Мы легли на теплые камушки, и она сразу уснула, а я ворочался, ворочался, да так и не сомкнул глаз.

- Эй, вставай, - толкнул я ее, - солнце высоко, пойдем. И как ты умудрилась заснуть на камнях?

- А я под голову положила мягкий камушек, - сказала она, блаженно потягиваясь.

- Ну что, идем? - И мы пошли.

- Мы шли, и я ни с того ни с сего стал чему-то радоваться, я чувствовал, что иду навстречу чему-то необычному, светлому. Глядя на нее, только это и могло прийти в голову. "Мы идем что-то открывать", - говорил весь ее облик, и меня окатила волна беспричинного восторга. Так бывает в осенний туманный день, когда мелкий дождь нашептывает тебе какие-то очень грустные стихи, туман окутывает ноги твои, а потом, приподнявшись на цыпочки, и вовсе обнимает тебя, заслоняя собой поникшие деревья и кустарники. Тоскливо. И вдруг туман отступает, и ты натыкаешься на куст барбариса, и на нем - одинокое красное зернышко, живое, выжившее; и радость захлестывает тебя. Только не объяснить, чему радуешься?

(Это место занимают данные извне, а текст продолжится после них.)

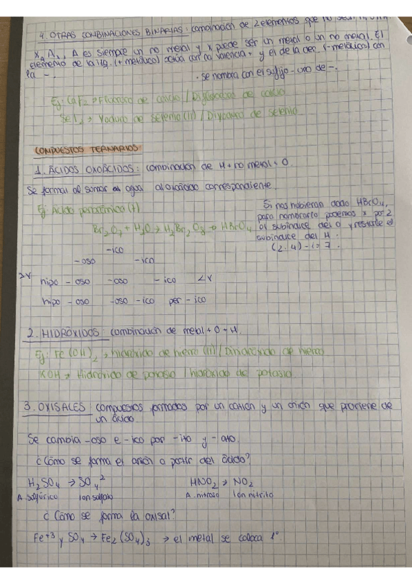 Apuntes formulación inorgánica sacados del libro Una Química Para Todos pero más resumido, para repasar con ejemplos.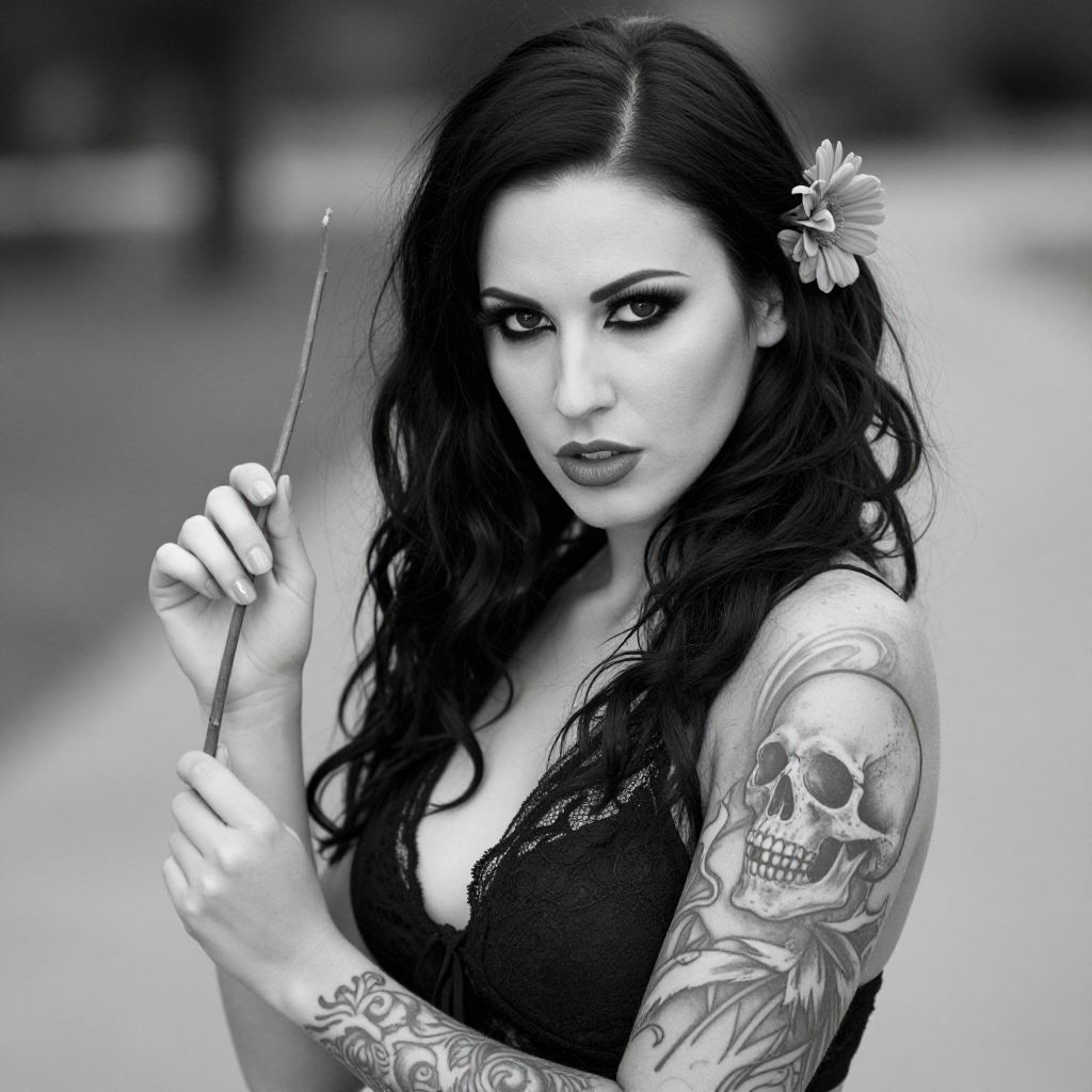 Black-and-white photo of a woman with long, wavy dark hair, wearing a black lace top. She has dramatic, dark eyeliner and lipstick, and intricate tattoos covering her right arm, featuring a detailed skull. She holds a thin stick in her right hand, with a flower in her hair. The background is blurred, suggesting an outdoor setting. Her expression is intense and mysterious.

- Видишь, сфинкс, - сказала она, показав на гордую каменную глыбу, возвышавшуюся над остальными скалами. - А вон скорбящая мать, - шепчет она, не давая мне прийти в себя, и тоненький палец ее зависает в воздухе, чуть подрагивая, и кажется мне, что этот пальчик на твоих глазах от "груды камня отсекает лишнее". И вот сидит среди скал женщина, вся в черном, опустив голову и обхватив руками колени. Ты слышишь, как она думает и все вокруг слушает, оцепенев?

- А хочешь, я покажу свою душу? - И пальчик взмывает куда-то вверх. На красной скале черной краской нарисовано лицо, не выбито, а нарисовано. - Живое лицо на скале, ведь, не может неживое так улыбаться. - Смеется. - А когда назад будем идти, оно будет плакать. Знаешь, есть такие картинки: нарисован корабль, а чуть повернешь картинку, и нет корабля, а вместо него дом.

Сколько раз проходил я мимо этих мест, а ничего не видел. Наверное, потому, что проходил, и потому, что мимо. Чтобы найти, нужно остановиться. Мы дошли до ее колючего царства, продрались сквозь него. И, о чудо... Внизу, далеко-далеко, глубоко-глубоко, на самом дне узкого ущелья злобно рычит и двигается скачками фантастический зверь. Ему есть на что злиться: дорогу преградили два громадных камня, прижавшиеся тесно друг к другу. Зверь со всего маху бьется о камни и, ухнув от боли и злости, дробится на кучу громадных градин, и только так ему удается перепрыгнуть через огромные перламутровые камни, в прыжке рождая злостью своей тихую, очень яркую, спокойную радугу. Стены ущелья облеплены влажным мхом. Жантуган, тыча пальцем в эти стены, шепчет:

- Похожи на мой ковер. В детстве я любила гладить узоры, очень это мне помогало, особенно, когда обидит кто; гладишь узоры, а они такие ласковые, таинственные, сулящие что-то доброе впереди, и успокаиваешься. - Палец ее указывает мне на ошкуренные и до блеска отполированные рекой бревна, которые не портили праздника. И, глядя на них, думалось: вот были деревья, потом они стали бревнами, но не умерли, просто живут иначе, в другом мире.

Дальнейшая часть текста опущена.